Hi there, I'm currently living in the UK but looking to return to Australia shortly. I've previously held PR (expired July 2010) but don't meet the "living there for 2 out of the past 5 years" requirement. I'm married to an Australian citizen with who I have a daughter, I have a half sister, many friends, bank accounts and super-annuation still there. Do you think this would classify as sufficient compelling personal reasons to return? 
Could anyone give me ideas of compelling reasons for absence? My husband did his MBA in London and we chose to remain so he could work here. 
Also looking into a spousal visa but have been advised it could take 5-6months and we're looking to migrate end of Feb.
Thnx!


----------



## syncsam (Feb 5, 2009)

clarisse said:


> Hi there, I'm currently living in the UK but looking to return to Australia shortly. I've previously held PR (expired July 2010) but don't meet the "living there for 2 out of the past 5 years" requirement. I'm married to an Australian citizen with who I have a daughter, I have a half sister, many friends, bank accounts and super-annuation still there. Do you think this would classify as sufficient compelling personal reasons to return?
> Could anyone give me ideas of compelling reasons for absence? My husband did his MBA in London and we chose to remain so he could work here.
> Also looking into a spousal visa but have been advised it could take 5-6months and we're looking to migrate end of Feb.
> Thnx!


Having Australian citizen spouse, dependent child and other evidences of substantial ties with Australia will definitely help in getting the RRV. A wiki reference from other forum, [link to competing forum removed by moderator - please see forum rules]


----------



## Busyte (May 19, 2009)

Hi,

You can say you only stayed away from Australia because of your husband's MBA and he wanted a bit of work experience in the UK before returning home. Because it was always your intention living permanently in Australia.
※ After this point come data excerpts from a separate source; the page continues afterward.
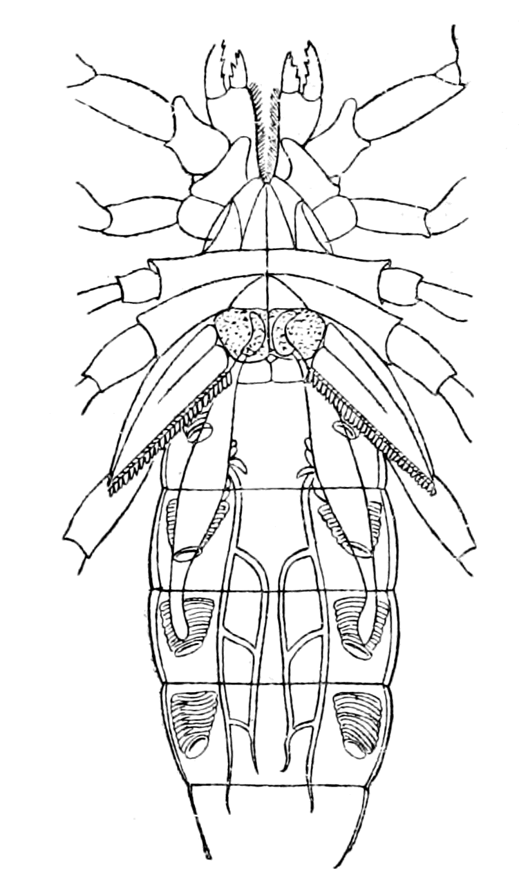 Fig. 151.—Under Surface of Scorpion (Androctonus). The operculum is marked out with dots, and on each side of it is seen one of the pectens.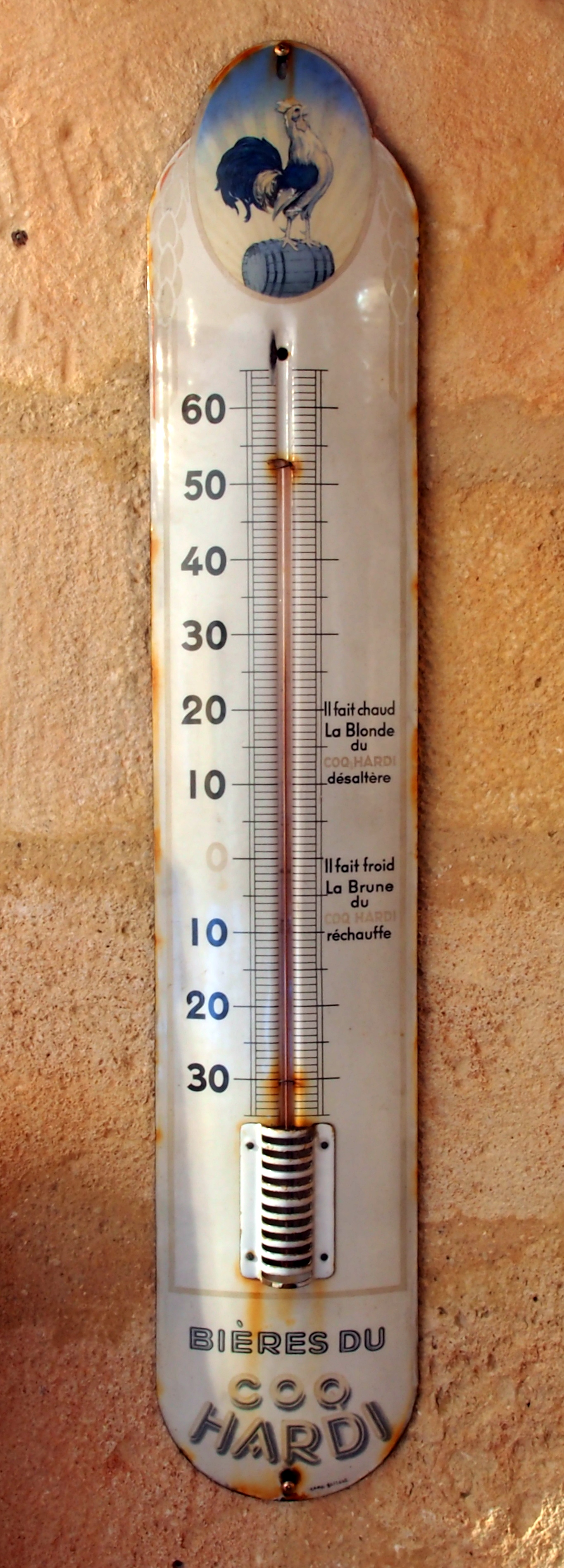 Bières du CoQ Hardi enamel thermometer.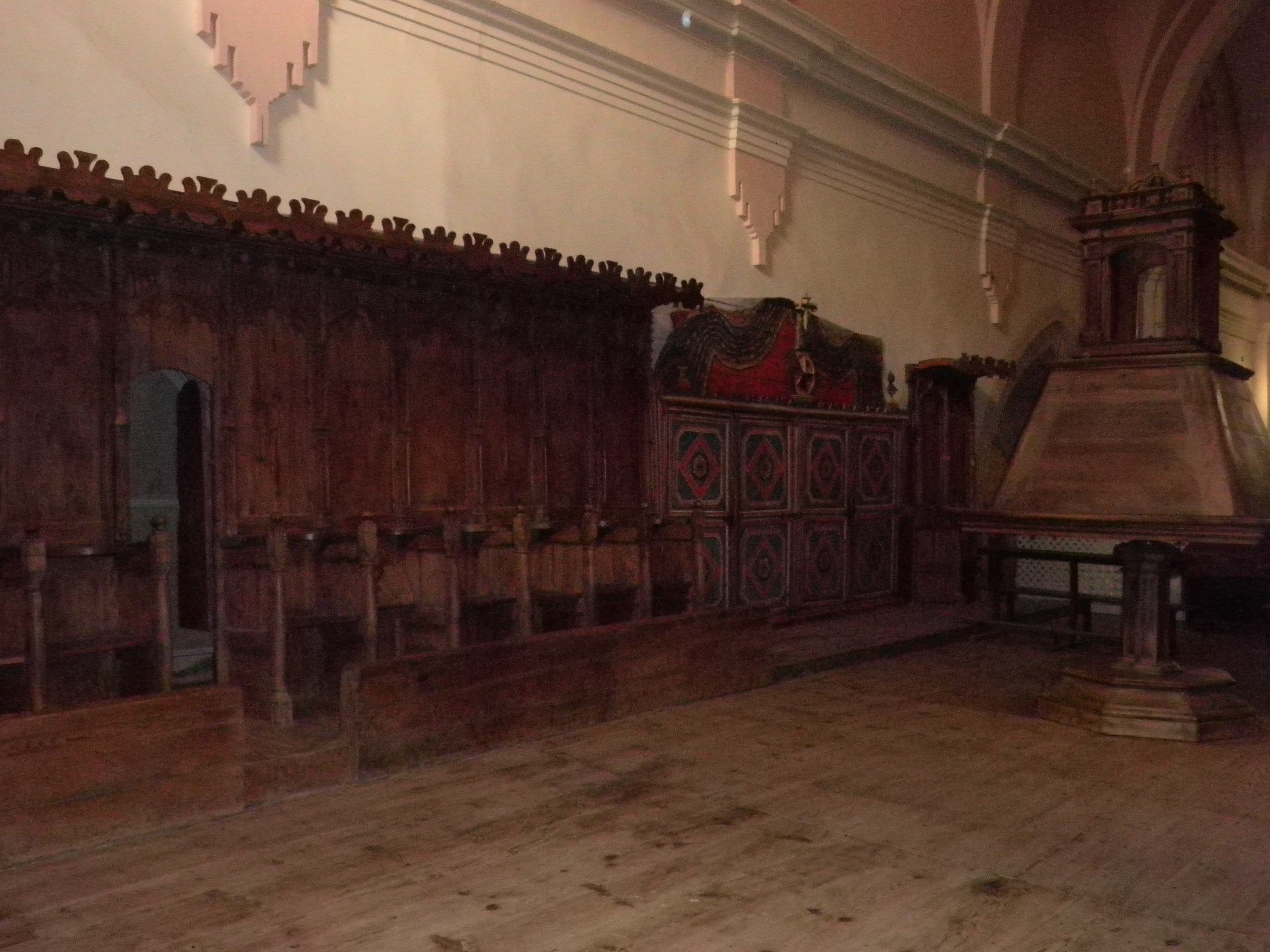 Choir of church of Santa María la Real de Nieva, Segovia province, Spain.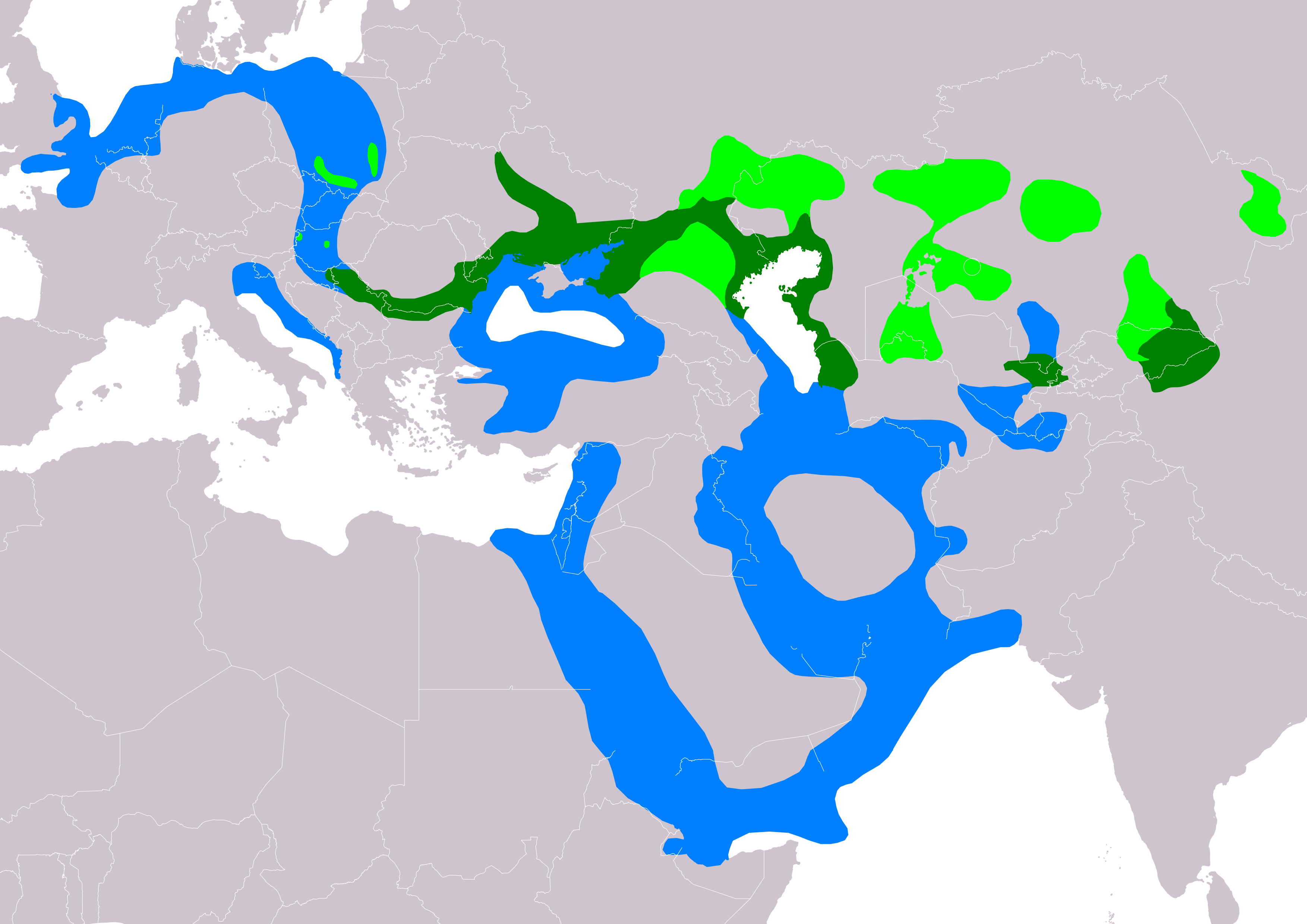 Distribution map of caspian gull (Larus cachinnans) according to IUCN version 2019-2 ; key: Legend: Extant, breeding (#00FF00), Extant, resident (#008000), Extant, non-breeding (#007FFF)

Show all links to Australia you can, hubby Australian, you've been together for X amount of time, Australian child, house (if you have house there), hubbies relatives, your medicare card bank account, savings and all other stuff. Explain you wanted to return to Australia to live permanently this February.


Anyway, if you start paperchasing now you might still be able to get a 309/100 spouse visa in time.
Depends how fast you can paperchase.

We applied last year and got our Visa 2 months later (2 weeks after we sent our application they contacted us to ask for more papers which had to arrive from Australia and this delayed it). After docs. arrived from Australia it took another 2 weeks for them to contact us again, say all ok, please send your passport and that was it. 
And I got the visa 100 (permanent) straight away because we had been married for years and have 3 children, so no more paper work for me except citizenship in some years time.

I did hear timelines of 5/6 months, but would say in reality it is a lot less time than that unless you send a pretty incomplete application.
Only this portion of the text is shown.